Je le précise avant que l'on y songe à ma place : non, ce n'est pas par provocation ni par esprit de contradiction, par manque de « solidarité » ou parce que je prends parti que j'ai choisi un auteur russe. Ça aurait pu, mais non. C'est un pur hasard : j'avais acheté le livre début janvier. Cependant, je dois bien reconnaître une chose : je me sens plus proche d'un lecteur ou d'un écrivain russe que de mon propre voisin, en quoi l'appartenance à une nation, à une langue, à une histoire commune m'importe moins que ce goût de l'effort en art.

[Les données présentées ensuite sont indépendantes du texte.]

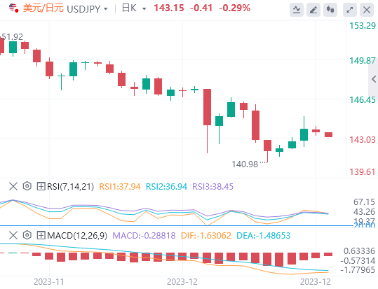 美元/日元周三下跌0.19%。在周二上涨0.75%后,美元/日元周三收盘报143.599点。美元/日元在跌至143.261的低点之前,曾升至144.098的高点。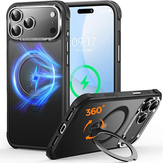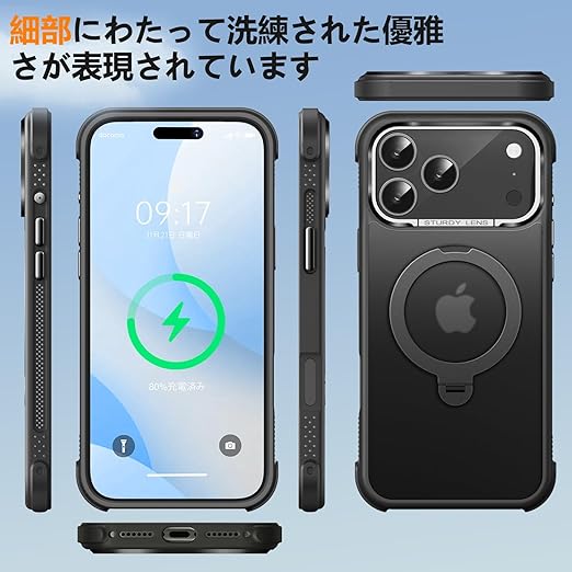 【2025新開発!新型TPUバンパー・安全性 】CUTELFON iPhone 17 Pro Max ケース 3倍米軍規格認証 耐衝撃 MagSafe対応 ワイヤレス充電 いPhone17 Pro Max ケース 360°回転【横縦両立・角度自由調整】黄ばみなし 傷防止 アイフォン17 Pro Max ケース 対応 半透明 iPhone 17 Pro Max 6.9インチ用デザートチタニウム b

Dois-je écrire que ce roman est prodigieux, quand des millions de lecteurs ont dû le penser et le dire avant moi ? C'est environ une évidence. Si cette œuvre est écrasante, ce n'est pas d'inintelligibilité mais bien de maîtrise de la littérature à tous les niveaux. Elle est magistrale tant en écriture qu'en psychologie humaine, ce qui revient au même ou le devrait. On ne fabrique un bon roman que dans la vraisemblance psychologique.
Toutes les vies humaines ont-elles la même valeur ? Toutes en ont-elles une, de valeur ? Aliona Ivanova, prêteuse sur gage, est perçue comme un parasite sous l'apparence d'une vieille femme. Comment quiconque, selon le portrait que le narrateur dresse d'elle, pourrait s'indigner qu'un jeune homme puissant et intelligent la tue ? À qui manquerait-elle, puisque tous la détestent, puisqu'elle a bâti sa fortune sur la misère des autres ? Ce ne serait peut-être que justice de la tuer, finalement. Cela rétablirait un équilibre, au moins financier, si l'assassin la volait au surplus. Voilà à quoi pense un ancien étudiant seul et sans le sou. Et c'est à peine une pensée cupide en premier lieu. Il s'agirait plutôt de l'intervention d'un homme supérieur se sentant capable de supplanter Dieu, qui fait mal les choses visiblement. Un meurtre est moralement tolérable, surtout le meurtre d'une détestée usurière, s'il conduit à l'amélioration de la condition de quelqu'un qui lui est supérieur. Un grand homme a le droit, et peut-être même le devoir, de tuer si le meurtre lui est profitable, s'il sert sa grandeur et son élévation. Voilà comment pense Rodion Romanovitch Raskolnikov, tombé dans l'extrême pauvreté au point de ne plus pouvoir poursuivre ses études, voilà aussi pourquoi il a un portrait de Napoléon dans son misérable réduit. Est-ce que Napoléon s'est empêché de tuer pour devenir Napoléon ? Raskolnikov ne se sent-il pas une âme de grand homme ? Il en a déjà la résolution et la froideur, ainsi que l'amoralité. Pourquoi ne pas tuer la vieille ? Il y a deux catégories d'hommes sur terre, les soumis et génies, et il se sait appartenir à la seconde, ce qui l'autorise à tuer un être inutile. Résolu par ses idées philosophiques, investi de sa mission de grandeur, il part, muni d'une hache, pour changer son idée en acte. D'ailleurs, c'est à peine un acte à l'origine : c'est un fantasme de tête, une idée qui chemine, une sorte d'utopie, une pensée magique comme celle d'un enfant contrarié qui jure qu'il tuera ses parents parce qu'il est puni. Voilà : s'il y a préméditation, c'est une préméditation de tête, sans plus. Même dans la rue avec la hache cachée sous ses vêtements, il ignore encore qu'il tuera vraiment.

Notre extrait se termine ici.